Abstract 17314: Free Radical-Dependent Sod2 Promoter Demethylation is Associated with Healthy Vascular Aging
BACKGROUND: Free radicals are important signaling molecules but whether they contribute to epigenetic-dependent regulation of vascular function during aging is unknown. We hypothesized that the normal metabolism-derived free radical production induces epigenetic regulations at the promoter region of antioxidant enzymes, promoting their up-regulation and thus, delays healthy age-associated vascular damage and endothelial dysfunction.
METHODS: Mice were treated (n=12) or not (control; CTL, n=12) with the antioxidant catechin (CAT; 30mg/kg/d) from weaning to the age of 9 months (9m); 6 mice from each group were then kept untreated until the age of 12 months (12m).

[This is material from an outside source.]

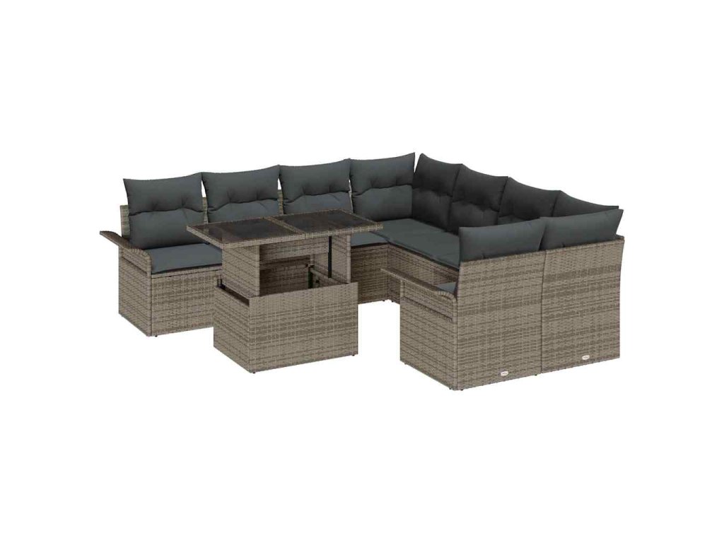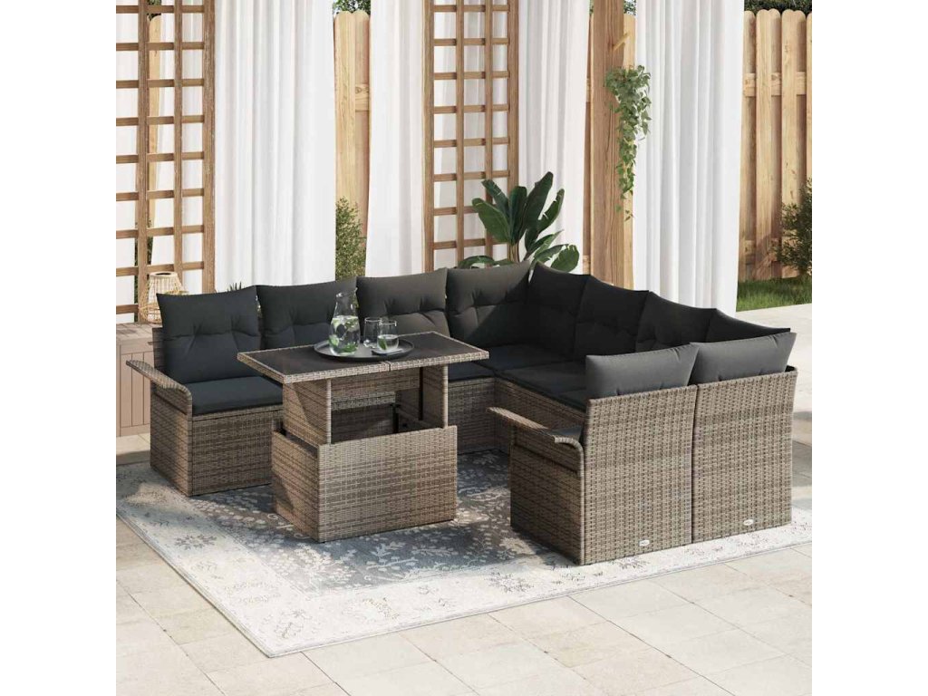 Sada zahradních pohovek s polštářem 9 pcs Šedá polyratan 3348255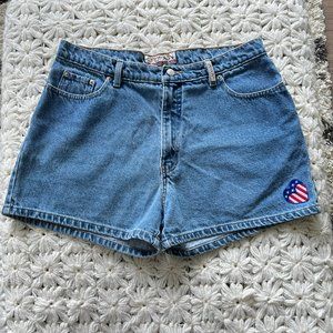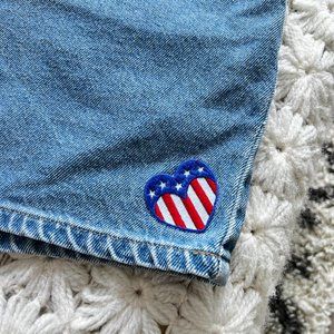 SASSON Vintage Heart Shaped Stars and Stripes Flag High Waisted Jean Shorts

At sacrifice (9 or 12m), femoral arteries were isolated to study endothelial function characterized by acetylcholine (Ach)-induced dilation in pressurized (100 mm Hg) vessels, and for DNA extraction to quantify Sod2 gene promoter methylation (EpiTYPER, Sequenom). The abdominal aorta was isolated to measure mRNA Sod2 levels (qPCR). Results are mean±SEM.

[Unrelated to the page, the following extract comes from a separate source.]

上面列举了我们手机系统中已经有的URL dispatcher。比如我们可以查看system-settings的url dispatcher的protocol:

RESULTS: At 9m, Ach-induced dilation was similar in CTL (87±5%) and CAT-treated (94±2%) mice. After inhibition of NO synthase (NOS), however, Ach-induced NO-independent dilatation was reduced (P<0.05) in CTL mice (33±16%) but not in CAT-treated mice (81±9%). These differences were maintained at 12m. These functional changes suggest that normal oxidative stress impairs NO-independent compensatory dilation at 9m without further degradation at 12m. In CTL mice, Sod2 promoter methylation decreased from the age of 9 to 12m (from 16±2% to 7±1%; P<0.05); this was prevented by CAT (15±3% and 14±3%, at 9 and 12m, respectively) suggesting that free radicals lead to an epigenetic-dependent up-regulation of Sod2 expression. Accordingly, Sod2 mRNA expression was similar at 9m but greater at 12m in CTL (1.39±0.12 a.u.; P<0.05) compared to CAT-treated (0.31±0.06) mice. Hence, scavenging free radicals with CAT prevented the epigenetic-dependent up-regulation of compensatory Sod2 expression.
CONCLUSION: Free radical-dependent Sod2 promoter demethylation is associated with healthy vascular aging; this could contribute to minimizing the rise in oxidative stress-dependant damage and delay endothelial dysfunction.
- © 2011 by American Heart Association, Inc.